At one point he entered hospital after a crippling headache forced him to turn around his campaign jet in mid-air, although tests revealed nothing serious. As the national media began to focus on Iowa and New Hampshire, Giuliani found himself starved of attention.
Suddenly America no longer seems interested in Giuliani’s 9/11 exploits, the cornerstone of his electoral appeal. As the violence in Iraq appears to be subsiding, and with the economy rapidly becoming the issue of most concern to voters, Giuliani has begun to sound like a broken record when he talks of his performance as “America’s mayor”.
When he was asked last week about Hillary Clinton’s brush with tears in New Hampshire, he replied by recalling 9/11 and the emotion of the memorial services he attended. When he was asked about his failure at the Iowa cau-cuses, he replied: “None of this worries me – September 11, there were times when I was worried.”
With Giuliani seemingly flailing, Republicans are beginning to worry that all their current candidates are cursed with a flaw that Democrats can readily exploit. McCain performed well in a Republican debate in South Carolina on Thursday night, but he is 71 and unpopular with his party’s evangelical wing.

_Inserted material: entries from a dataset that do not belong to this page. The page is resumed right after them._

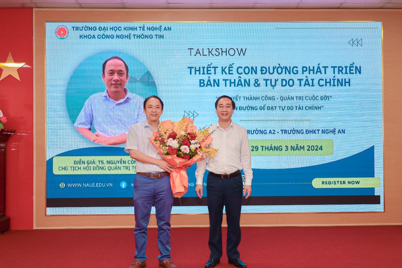 Thấu hiểu năng lực, tính cách, sở thích, điểm mạnh - điểm yếu,… của bản thân là yếu tố đặc biệt quan trọng để có những lựa chọn sáng suốt trên con đường sự nghiệp. Đó cũng là vấn đề chính được các khách mời chia sẻ, giải đáp tại buổi talkshow “Chia sẻ về kinh ngiệm phát triển bản thân và thiết lập mục tự do tài chính cho Sinh viên”. tại Hội trường A2, Trường Đại học Kinh tế Nghệ An với sự tham gia của hơn 200 sinh viên khoa Công nghệ thông tin.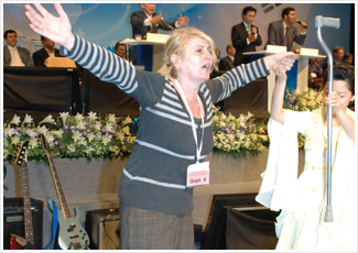 В завершение проповеди д-р Джей Рок Ли горячо молился о больных. Зал буквально сразу же наполнился пламенными деяниями Святого Духа. Большинство присутствовавших с верой приняли молитву. Сразу же после молитвы те, кто получил исцеление, вышли вперед. Люди с различными увечьями отбросили свои костыли, встали с инвалидных колясок, к слабовидящим вернулось зрение, и они избавились от очков. Люди, вышедшие к алтарю, свидетельствовали о том, что во время молитвы они почувствовали работу пламени Святого Духа во всем теле, и болезни отступили.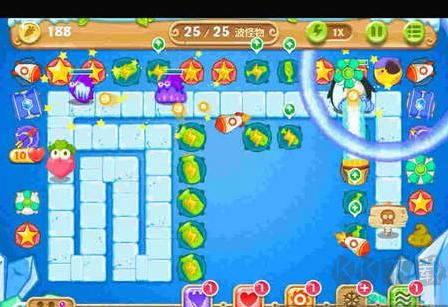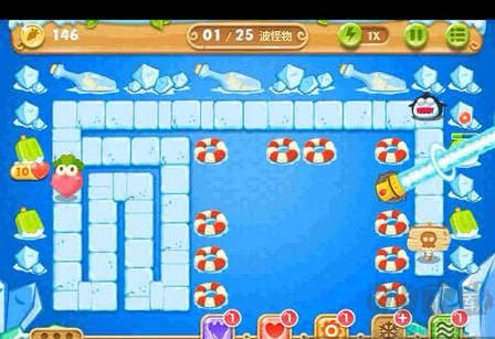 2、選擇升級的炮塔是很關(guān)鍵的,玩家在游戲的前期需要升級的有火箭炮和冰錐塔來保證小怪不會(huì)侵犯到蘿卜,同時(shí)為清除屏幕上的道具提供了保障。與此同時(shí)也要對中間的瓶子炮進(jìn)行升級,才能有足夠的火力去消除怪物;

As a former Baptist preacher, Huckabee appeals to the religious right and exudes amiable authority. Last week he subtly defused the doom-laden terrorist rhetoric favoured by Giuliani when he told a crowd in South Carolina: “I want your grand-children to laugh when you tell them you used to put your tooth-paste in a plastic bag whenever you got on a plane.”
Yet Huckabee’s more radical views – notably his doubts about evolution – and his chequered fiscal and ethical record as Arkansas governor may prove liabilities against a strong Democratic candidate. With Romney and Fred Thompson, the actor, failing to make much of an impression on voters so far, the door has been left open for Giuliani: he will have only himself to blame if the Republican voters of Florida slam it in his face.